注意: 据报道,这会降低某些 OpenGL 应用程序的性能,并可能在 WebGL 中产生问题。它还大大增加了加载驱动的耗时 (NVIDIA Support Thread).

无论您使用的是哪种合成器,都可以通过强制使用完整的合成管线来避免撕裂。要测试此选项是否有效,请运行:

$ nvidia-settings --assign CurrentMetaMode="nvidia-auto-select +0+0 { ForceFullCompositionPipeline = On }"

或者单击 X Server Display Configuration 菜单选项中的 Advanced 按钮。选择 Force Composition PipelineForce Full Composition Pipeline,然后单击 Apply

为了使这一设置持久化,必须将其添加到 Xorg 配置文件的 "Screen" 部分。进行此更改时,应在驱动程序配置中启用 TripleBuffering,并禁用 AllowIndirectGLXProtocol。
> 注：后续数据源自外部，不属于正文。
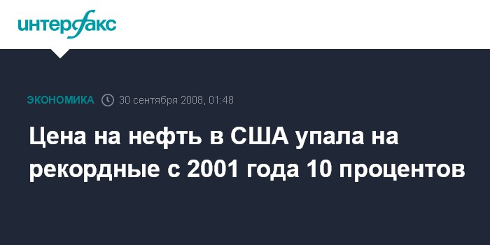 Цена на нефть в США упала на рекордные с 2001 года 10 процентов
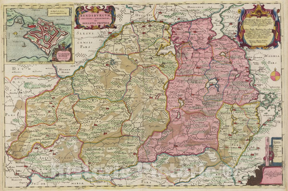 Historic Map : Germany, Rendsbvrgvm, Chilonivm et Bordesholma, 1665 Atlas , Vintage Wall Art
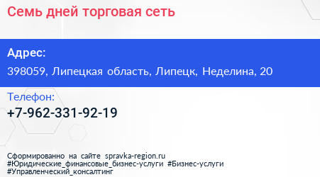 Семь дней, торговая сеть по адресу 398059, Липецкая область, Липецк, Неделина, 20 в дальнейшем Организация, размещена в следующих категориях:
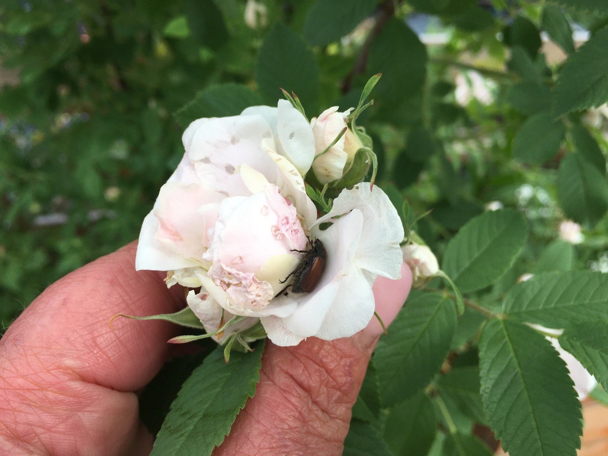 Все выходные каждое мое утро начиналось одинаково – я с банкой собирала бронзовку и хрущиков на розах. Эти противные жуки попортили все цветение первой волны на Ритаусме, которая должна была буквально волной цвести. Но, увы… Вид у нее сейчас удручающий. Самое интересное, что бронзовка не села на другие розы, которые не белого, а красного и розового цвета и не так ароматны, а выгрыз серединки только у этой розы-ругозы. Оставил немного красоты. Хоть другими розочками полюбуюсь. Но как же жалко, что не случилось этого чуда, когда полностью покрытая бутонами Ритусма в один миг раскрывает свои лепестки. Всегда считала, что бронзовка – более южный вредитель. Наши сибирские морозы – отличный заградитель для этого жука. Но видимо последняя теплая зима позволила перезимовать личинкам и вот тебе и пожалуйста, жрёт, зараза, мои розы! Заполучить личинку бронзовки можно откуда угодно. С грунтом в розах или гортензиях, если заказывали что-то в интернет-магазинах, например. А может быть бронзовка сам

请参阅以下配置示例:

/etc/X11/xorg.conf.d/20-nvidia.conf
Section "Device"
        Identifier "NVIDIA Card"
        Driver     "nvidia"
        VendorName "NVIDIA Corporation"
        BoardName  "GeForce GTX 1050 Ti"
EndSection

Section "Screen"
    Identifier     "Screen0"
    Device         "Device0"
    Monitor        "Monitor0"
    Option         "ForceFullCompositionPipeline" "on"
    Option         "AllowIndirectGLXProtocol" "off"
    Option         "TripleBuffer" "on"
EndSection

如果没有 Xorg 配置文件,可以使用 nvidia-xconfig ( 参见 NVIDIA#Automatic configuration) 为当前硬件创建一个 Xorg 配置文件,并将其从 /etc/X11/xorg.conf 移动到首选位置 /etc/X11/xorg.conf.d/20-nvidia.conf

注意: 使用 nvidia-xconfig 生成的 20-nvidia.conf 文件中的许多配置选项都是由驱动程序自动设置的,实际并不需要。我们只需要其中的 "Screen" 部分就可以启用合成管线,该部分包含 IdentifierOption 等设置,而其他部分可以从该文件中删除。

多显示器[编辑 | 编辑源代码]

对于多显示器设置,您需要为每个显示器指定 ForceCompositionPipeline=On。例如 :

$ nvidia-settings --assign CurrentMetaMode="DP-2: nvidia-auto-select +0+0 {ForceCompositionPipeline=On}, DP-4: nvidia-auto-select +3840+0 {ForceCompositionPipeline=On}"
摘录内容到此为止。